[Dynamic Programming] Min Cost Climbing Stairs - Easy

Min Cost Climbing Stairs Problem

The Min Cost Climbing Stairs problem is a well-known dynamic programming challenge. It asks us to find the lowest cost to reach the top of a staircase. Each step has its own cost. Our goal is to find the cheapest way to the top. We can step one or two stairs at a time. We can solve this problem using dynamic programming techniques. By breaking the problem into smaller parts, we can find a solution that lowers the total cost.

In this article, we will look closely at the Min Cost Climbing Stairs problem. We will talk about the problem statement. We will also discuss the dynamic programming method for solving it. Additionally, we will explain how to write the solution in Java, Python, and C++. We will talk about some possible optimizations. We will also compare different ways to solve this problem. Lastly, we will answer some common questions about the Min Cost Climbing Stairs problem.

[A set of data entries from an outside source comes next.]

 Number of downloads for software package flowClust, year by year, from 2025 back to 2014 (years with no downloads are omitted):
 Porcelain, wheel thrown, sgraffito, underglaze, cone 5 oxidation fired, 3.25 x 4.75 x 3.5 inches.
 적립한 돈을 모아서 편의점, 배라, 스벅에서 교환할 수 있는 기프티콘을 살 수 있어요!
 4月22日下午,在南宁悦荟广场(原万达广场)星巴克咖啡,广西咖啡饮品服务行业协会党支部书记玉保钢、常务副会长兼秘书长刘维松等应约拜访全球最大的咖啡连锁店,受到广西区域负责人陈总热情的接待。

Here are the topics we will cover:

  • Dynamic Programming Min Cost Climbing Stairs Solution Overview
  • Understanding the Problem Statement for Min Cost Climbing Stairs
  • Dynamic Programming Approach for Min Cost Climbing Stairs
  • Java Implementation of Min Cost Climbing Stairs
  • Python Implementation of Min Cost Climbing Stairs
  • C++ Implementation of Min Cost Climbing Stairs
  • Optimizations in Min Cost Climbing Stairs Solutions
  • Comparative Analysis of Different Approaches
  • Frequently Asked Questions

If you want to read more, you can check these articles on similar dynamic programming topics: Dynamic Programming Fibonacci Number, Dynamic Programming Fibonacci with Memoization, and Dynamic Programming Climbing Stairs.

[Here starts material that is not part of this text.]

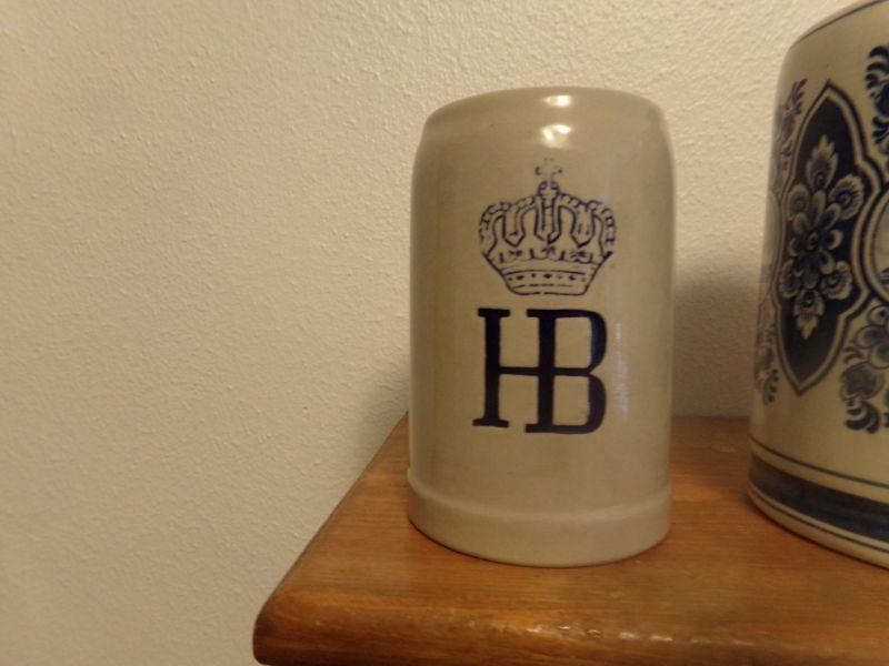 2 DELFT BLUE BEER STEINS AND HB STEIN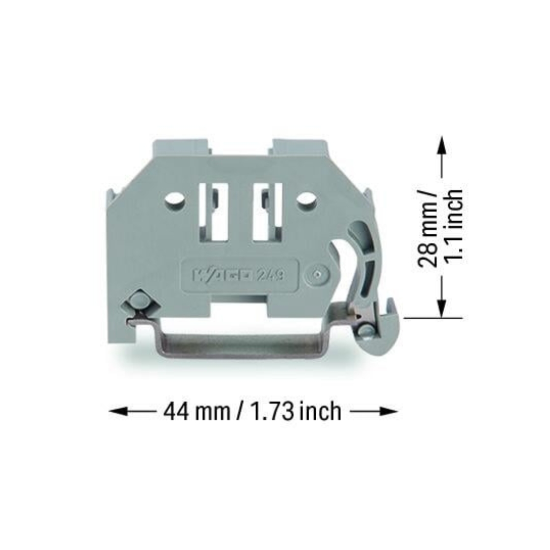 The WAGO 249-116 Screwless End Stop is the ideal solution for securing rail-mount terminal blocks to DIN rails without the need for any tools. Designed for both DIN-35 35 x 7.5 mm and 35 x 15 mm rails, this end stop uses a simple snap-on mechanism to secure the blocks in place, ensuring fast and reliable installation. Made from high-quality polyamide, the end stop offers superior durability and is flame retardant (UL94 V0). It also features three marker slots for easy labeling and a snap-in hole for adjustable height group marker carriers. Whether mounted vertically or horizontally, this end stop guarantees the safe and economical securing of terminal blocks.

Understanding the Problem Statement for Min Cost Climbing Stairs

The Min Cost Climbing Stairs problem is about finding the least cost to get to the top of a staircase. Each step has a cost. We can start at step 0 or step 1. We can climb one or two steps at a time. The main goal is to reach the top with the smallest total cost.

Problem Definition

  • Input: We have an array cost. Each cost[i] shows the cost of stepping on step i.
  • Output: We need to find the minimum cost to get to step n. Here, n is the total number of steps.

Example

For cost = [10, 15, 20], the costs to climb the stairs are: - If we start at step 0 (cost 10) and jump to step 2 (cost 20), the total cost is 10 + 20 = 30. - If we start at step 1 (cost 15) and jump to step 2 (cost 20), the total cost is 15 + 20 = 35.

The least total cost to reach the top is 30.

Constraints

  • The cost array has a length between 2 and 1000.
  • Each cost value is a non-negative whole number.

This problem shows how we can use dynamic programming. It helps us find the minimum cost without repeating calculations. By breaking the problem into smaller parts, we can build the solution step by step or use recursion with memoization. For more about dynamic programming, check this Dynamic Programming Climbing Stairs article.

Dynamic Programming Approach for Min Cost Climbing Stairs

We can solve the Min Cost Climbing Stairs problem well using a dynamic programming method. The aim is to find the lowest cost to reach the top of the stairs. We can take either one or two steps at a time.

Problem Breakdown

  • We have an array cost. Here, cost[i] shows the cost of stepping on the i-th step.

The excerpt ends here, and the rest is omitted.